Questi mi face una donna guardare,
e dice: «Chi veder vuol la salute,
faccia che li occhi d'esta donna miri,
sed e' non teme angoscia di sospiri».
Trova contraro tal che lo distrugge
l'umil pensero che parlar mi sòle
d'un'angela che 'n cielo è coronata.
L'anima piange, sì ancor len dole,
e dice: «Oh lassa a me, come si fugge
questo pietoso che m'ha consolata!».
Delli occhi miei dice questa affannata
«Qual ora fu, che tal donna li vide!
E perché non credeano a me di lei?
Io dicea ben: nelli occhi di costei
de' star colui che le mie pari ancide!
E non mi valse ch'io ne fosse acorta
che non mirasser tal, ch'io ne son morta».

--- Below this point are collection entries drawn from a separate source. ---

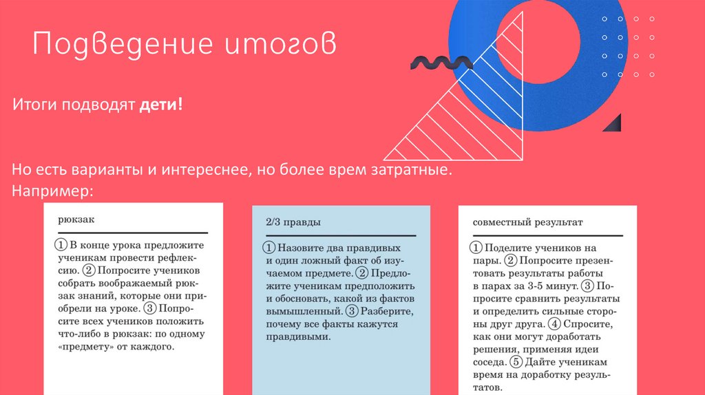 Итоги подводят дети!Но есть варианты и интереснее, но более врем затратные.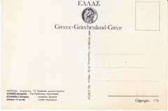 POSTCARD #083 Greece. [Also written in Greek, German, and another language; Address also in Greek.] Photographed by Kostas Vergas. 26. 4.75" x 6.5" EXC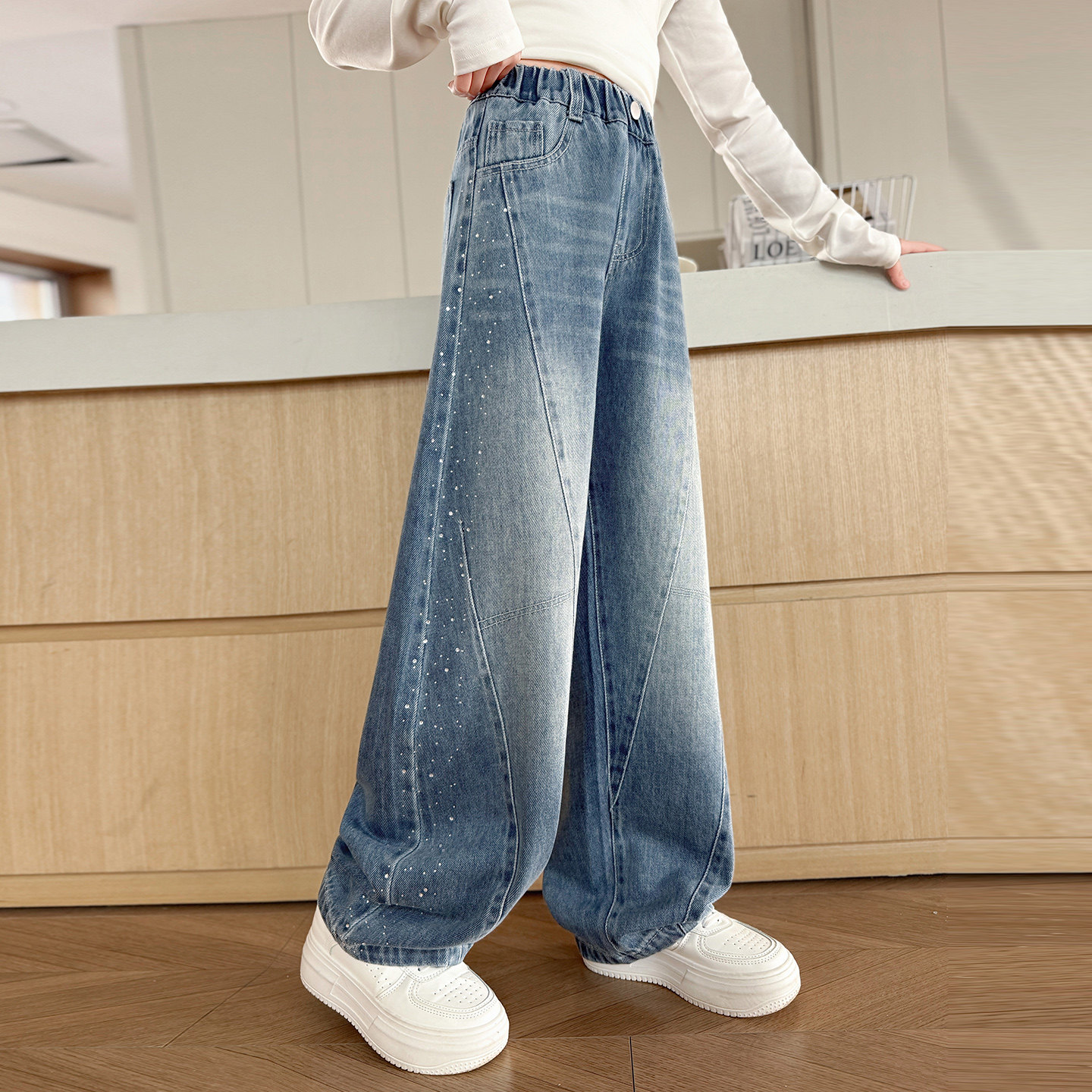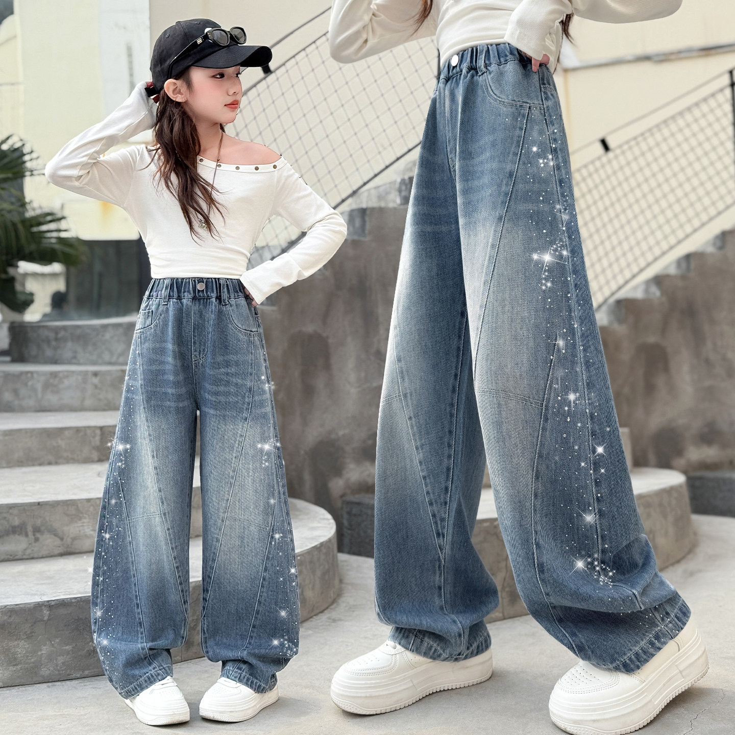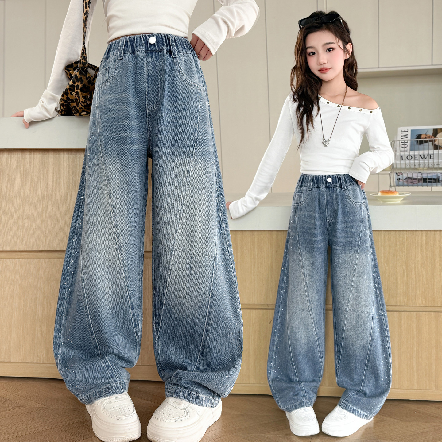 女童裤子春秋外穿2026新款中大童女孩春季韩版休闲百搭牛仔阔腿裤

«Tu non se' morta, ma se' ismarrita,
anima nostra, che sì ti lamenti»,
dice uno spiritel d'amor gentile;
«ché quella bella donna che tu senti,
ha transmutata in tanto la tua vita,
che n'hai paura, sì se' fatta vile!
Mira quant'ell'è pïetosa e umìle,
saggia e cortese nella sua grandezza,
e pensa di chiamarla donna, omai!
Ché se tu non t'inganni, tu vedrai
di sì alti miracoli adornezza,
che tu dirai: Amor, segnor verace,
ecco l'ancella tua: fa che ti piace».
Canzone, io credo che saranno radi
color che tua ragione intendan bene,
tanto la parli faticosa e forte.
Onde, se per ventura elli adivene
che tu dinanzi da persone vadi
che non ti paian d'essa bene acorte,
allor ti priego che ti riconforte,
dicendo lor, diletta mia novella:
«Ponete mente almen com'io son bella!».